Among the worst cases that we’ve represented for loan fraud has been for a business loan with a small enterprise. The company was modest when it applied and has been approved for the loan, together with the payments being a reasonable rate to start with. The issue has been lots of the illegal clauses in the contract regarding asset and stock seizure.
Like the prior business owner from a few posts ago, this business owner had already established their company marginally. While it wasn’t a huge business, it had proof of affordability for the loan itself, and the application process had gone through a strict check. So, the business was always likely to be more affordable for the lender, with repayment expected.

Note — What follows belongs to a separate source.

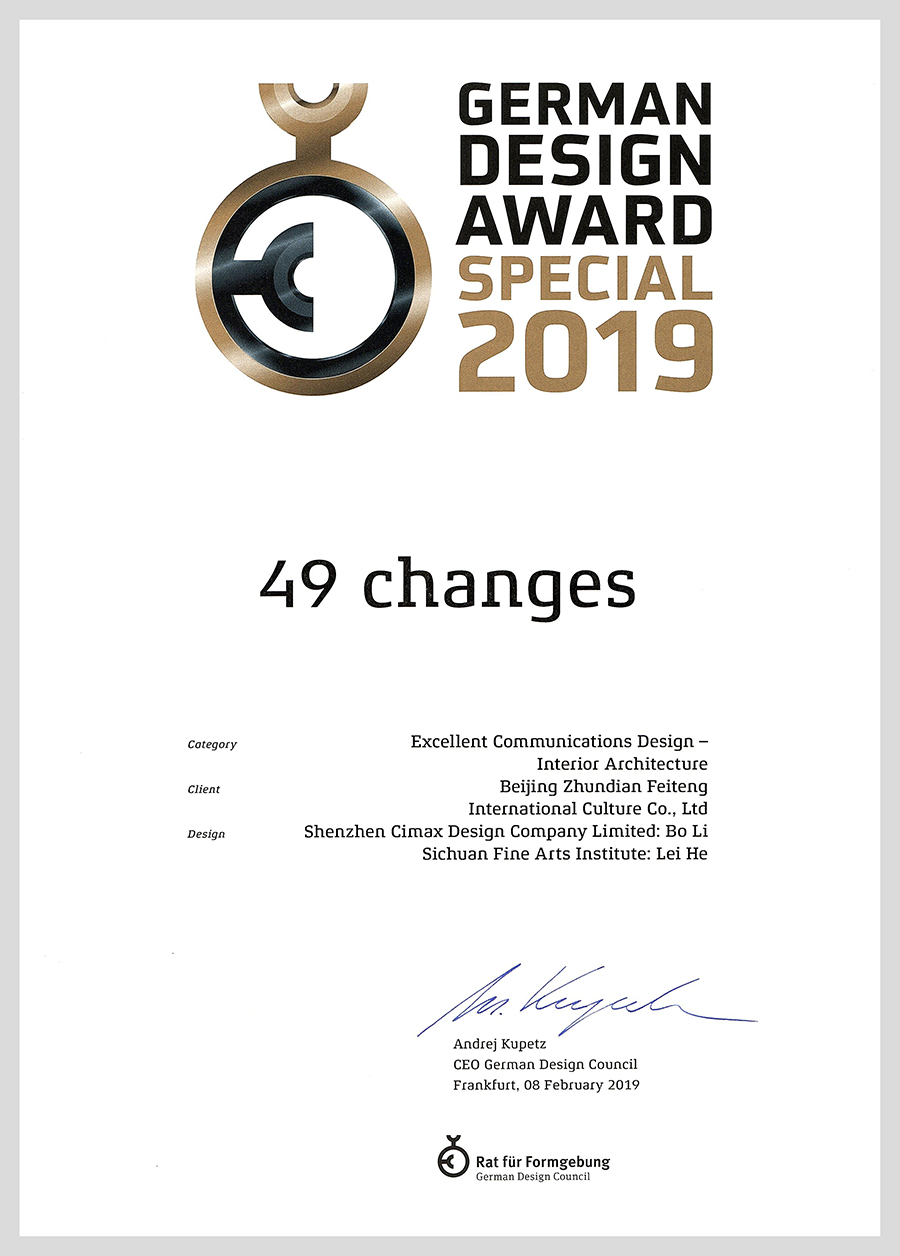 2019年2月8日,被国际业界誉为设计奖中奖的德意志联邦共和国设计奖German Design Award,在法兰克福举行了盛大的颁奖典礼。我校公共艺术学院教师何蕾作为软装陈设设计及执行人,与我校公共艺术学院客座教授、深圳羲玛设计首席设计师郦波共同完成的项目《49 CHANGES》,在激烈的竞争中脱颖而出,喜获该项顶级国际设计奖殊荣。

Unfortunately, among those provisions inside the contract was that if a repayment had come late, or the company owner asks for the option to drive a repayment date back by a month or 2, then the loan company had the right to grab the inventory of the company up into the value of their repayment for that month.
Hence, the loan repayment clause was very unprofessional. If a company owner asks an additional month or two to get a repayment due to financial difficulties or stock not selling fast enough, to punish them by accepting the inventory that they would have used to generate the repayment profit at cost is indeed detrimental it takes weeks of repayment gains from this corporation.
Regrettably, there’s a second reason they had done this. Knowing that the company would then struggle to make a profit another month, they continued this cycle of talking inventory at cost until the business was no longer workable. While we sued for the fiscal price, we could not do anything about the business owners’ reputation.
Real Estate Attorney Houston is a firm that helped significantly with the asset side of this dispute.